In Assyria, today's modern northern Iraq, south east Turkey and north east Syria, the local variety of eastern Aramaic, known as Syriac (the terms Syrian and Syriac originally being Indo-European derivatives of Assyrian) had emerged by the 5th century BC, and between the 1st and 4th centuries AD became a standard language among the Eastern Rite Christian Assyrians, being used in the Peshitta and by the poet Ephrem, and in the schools of Edessa and Nisibis, and later by the Saint Thomas Christians in India.

In the region of Babylonia (modern Southern Iraq), rabbinical schools flourished, producing the Targumim and Talmud, making the language a standard of religious Jewish scholarship.

Among the Mandaean ethnic community of Khuzestan and Iraq, another variety of eastern Aramaic, known as Mandaic, became the liturgical language of the religion.

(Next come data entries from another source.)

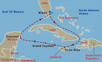 Najveće luke za karipska krstarenja su u Majamiju, Orlandu, Fort Lauderdale-u i San Huanu (Portoriko) i odatle kreće najveći broj brodova.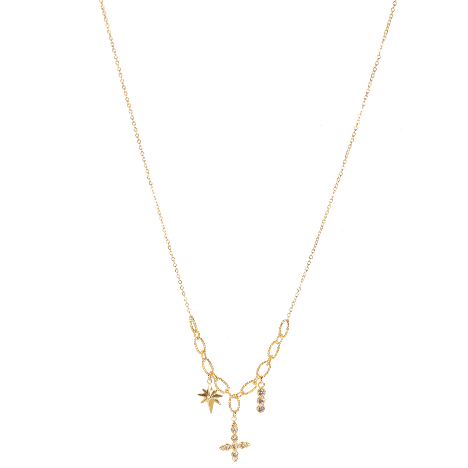 Collier composé d'une chaîne en acier doré et de trois pendentifs, une croix pavée de cristaux, une barre de trois cristaux sertis clos de forme ronde et une étoile sertie d'un cristal.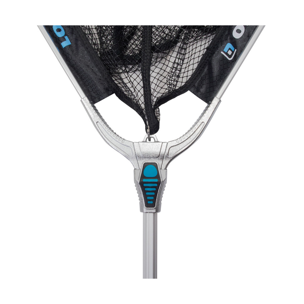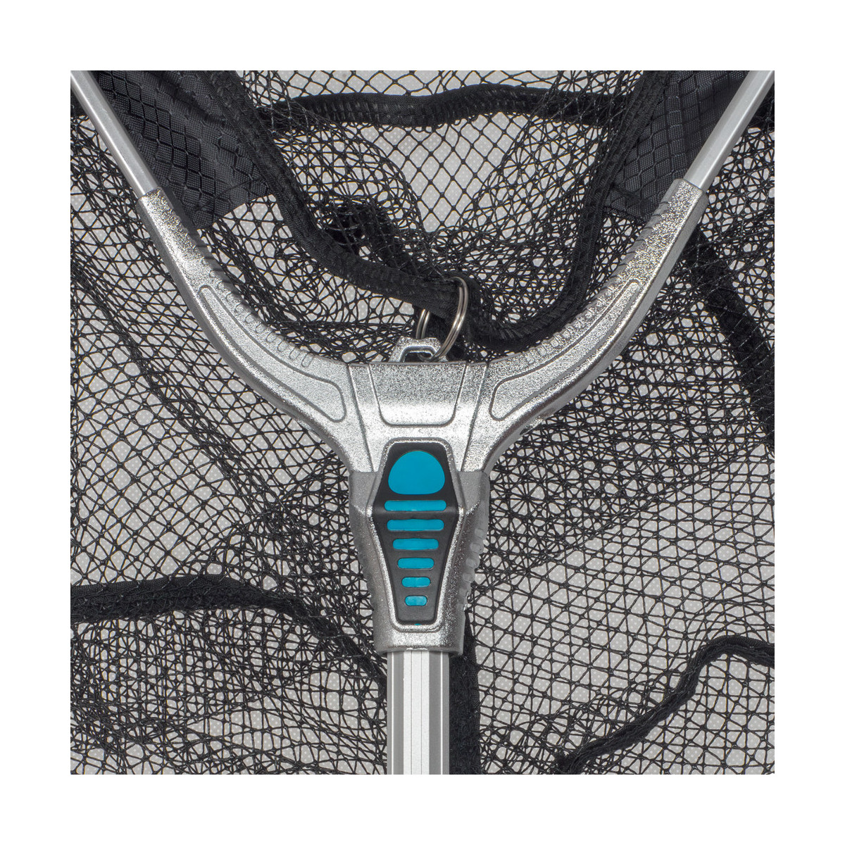 Ramiona kosza z duraluminium, zamek łączący kosz ze sztycą z metalu. Teleskopowa, lekka sztyca wykonana z wielokątnego duraluminium, zapewniająca dużą sztywność. Siatka z tworzywa pokrytego gumą (nie nasiąka wodą), oczko 6x6mm, przyjazna dla ryb, ogranicza uszkodzenia płetw i łusek.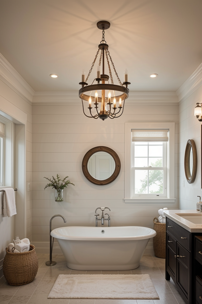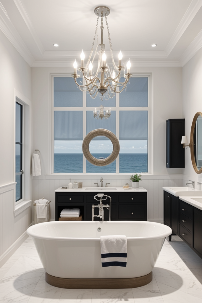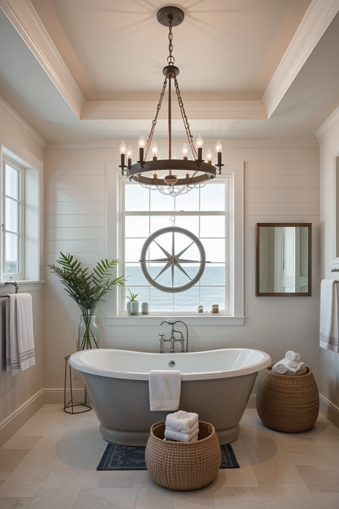 Nautical chandeliers light up a coastal bathroom with spellbinding radiance reminiscent of the ocean’s beauty at sunset. These lighting fixtures blend contemporary style with a nautical theme using ship rigging and aged metals that evoke sophistication. Details in these pieces become a work of art which provide an attractive centrepiece that encourages relaxation and elevated living by the sea.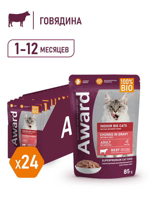 Повседневные корма Award Влажный корм AWARD Indoor big cats для взрослых домашних кошек крупных пород кусочки в соусе с говядиной 85г

These varieties have widely influenced the less prominent Western Aramaic languages of the Levant, and the three classical languages outlined above have also influenced numerous vernacular varieties of Eastern Aramaic, some of which are spoken to this day, largely by ethnic Assyrians and Mandaeans (see Neo-Aramaic languages). Since the Muslim conquest of Persia of the seventh century, most of the population of the Middle East has undergone a gradual but steady language shift to Arabic.

However there are still between some 550,000 - 1,000,000 fluent speakers among the indigenous ethnic Assyrians of northern Iraq, northeast Syria, southeastern Turkey and northwestern Iran, as well as small migrant communities in Lebanon, Israel, Jordan, Armenia, Georgia, southern Russia and Azerbaijan. Most of these are members of the Assyrian Church of the East, Syriac Orthodox Church, Chaldean Catholic Church, Ancient Church of the East, Assyrian Pentecostal Church and Assyrian Evangelical Church. A further number may have a more sparse understanding of the language, due to pressures in their homelands to speak Arabic, Turkish, Persian or Kurdish, and due to the Assyrian Diaspora to the Western World.